Rumors Coffee and Tea House/Townie Books, which is located on the charming main street of the single most beautifully situated town in the known world—Crested Butte, Colorado, fact—, is a perfect example of what I thought was the future of bookstores, back when I got into running a small publishing house….If the independents could just hold on and sail through the economic storm, this was the kind of store I thought was the future, thought so back in the past, and now I here I was in the present, sitting outside in the sun on a store loveseat, surrounded by eager talkers, myself doubtless the eagerest to talk, about stories. Rumors handed me a mug of tea and offered me a podium, undisturbed when I said I wasn’t a podium kind of a gal, doubtless because they’re not a podium kind of a bookstore. Which has always been my point about the independents. They aren’t about a one way transaction of selling something to the buyer. They’re about a community space in which to share ideas, and since the best way to do that is by reading and by talking with others over a cup of something, the ones I always thought of as the future (and now here we are in the present) were those that took that seriously–the bookstore as gathering and feeding space for the mind.
These people, these stores, deserve our support. If you are one of those people, who, heaven forbid, has actually gloated in a bookstore lately about how you can snap a picture of a book on its shelves, and then order it from your phone for cheaper off Amazon (and you wouldn’t believe how many anecdotes of temporarily insane readers wandering into stores and doing just that I’ve heard lately…or maybe you would), then you need to sit down, spend some time alone thinking about yourself and your place in the world and how that place is connected to other people, their families, their hopes, their futures, too…not just yours…and…er...reconsider.
These are not simple marketable commodities. These are BOOKS. They stretch out into eternity with all their innards, one way or another, some not making it as far as others, sure, but so what? Does every kid you know star in the school play? The important thing is they shouldn’t be mistaken for key chains, or room deodorizer, or Garfield bookmarks, or movie tie-in memorabilia.

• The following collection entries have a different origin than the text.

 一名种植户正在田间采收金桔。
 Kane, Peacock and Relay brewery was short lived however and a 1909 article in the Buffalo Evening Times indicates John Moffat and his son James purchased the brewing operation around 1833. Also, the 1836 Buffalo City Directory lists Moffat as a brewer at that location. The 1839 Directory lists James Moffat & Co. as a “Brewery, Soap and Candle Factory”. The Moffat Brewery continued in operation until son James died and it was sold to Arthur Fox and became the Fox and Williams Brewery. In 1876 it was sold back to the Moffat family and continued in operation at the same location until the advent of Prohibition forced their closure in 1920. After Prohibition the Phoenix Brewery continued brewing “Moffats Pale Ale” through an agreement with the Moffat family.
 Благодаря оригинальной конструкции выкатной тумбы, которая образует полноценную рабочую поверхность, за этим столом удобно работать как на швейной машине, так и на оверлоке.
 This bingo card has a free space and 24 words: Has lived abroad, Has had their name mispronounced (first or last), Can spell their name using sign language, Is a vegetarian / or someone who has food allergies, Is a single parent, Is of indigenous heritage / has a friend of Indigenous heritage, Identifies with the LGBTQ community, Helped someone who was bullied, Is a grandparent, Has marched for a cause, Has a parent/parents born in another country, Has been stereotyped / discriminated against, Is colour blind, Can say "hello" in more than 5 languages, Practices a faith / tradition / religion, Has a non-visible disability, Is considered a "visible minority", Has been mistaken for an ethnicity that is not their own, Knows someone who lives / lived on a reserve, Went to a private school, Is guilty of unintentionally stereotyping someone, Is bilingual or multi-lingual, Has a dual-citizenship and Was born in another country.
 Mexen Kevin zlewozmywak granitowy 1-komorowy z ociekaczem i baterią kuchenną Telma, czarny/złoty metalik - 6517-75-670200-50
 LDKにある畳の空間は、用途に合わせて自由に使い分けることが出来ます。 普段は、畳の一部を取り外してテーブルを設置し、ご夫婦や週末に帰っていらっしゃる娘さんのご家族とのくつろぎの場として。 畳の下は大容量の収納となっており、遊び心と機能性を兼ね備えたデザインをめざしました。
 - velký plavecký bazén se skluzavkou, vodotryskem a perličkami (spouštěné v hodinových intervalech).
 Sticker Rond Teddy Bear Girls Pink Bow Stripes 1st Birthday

They are alive, books are. All real book lovers know that.
I’m off to Powell’s Bookstore, in Portland, now, the Hawthorne store branch, where the excellent Scott Mahood holds sway, and which is chock full of real book lovers looking at real books, and I’ll get my usual hit off that, the way I do off everything that is well and thoroughly alive. So thanks to all the indie booksellers who keep that part of life…alive.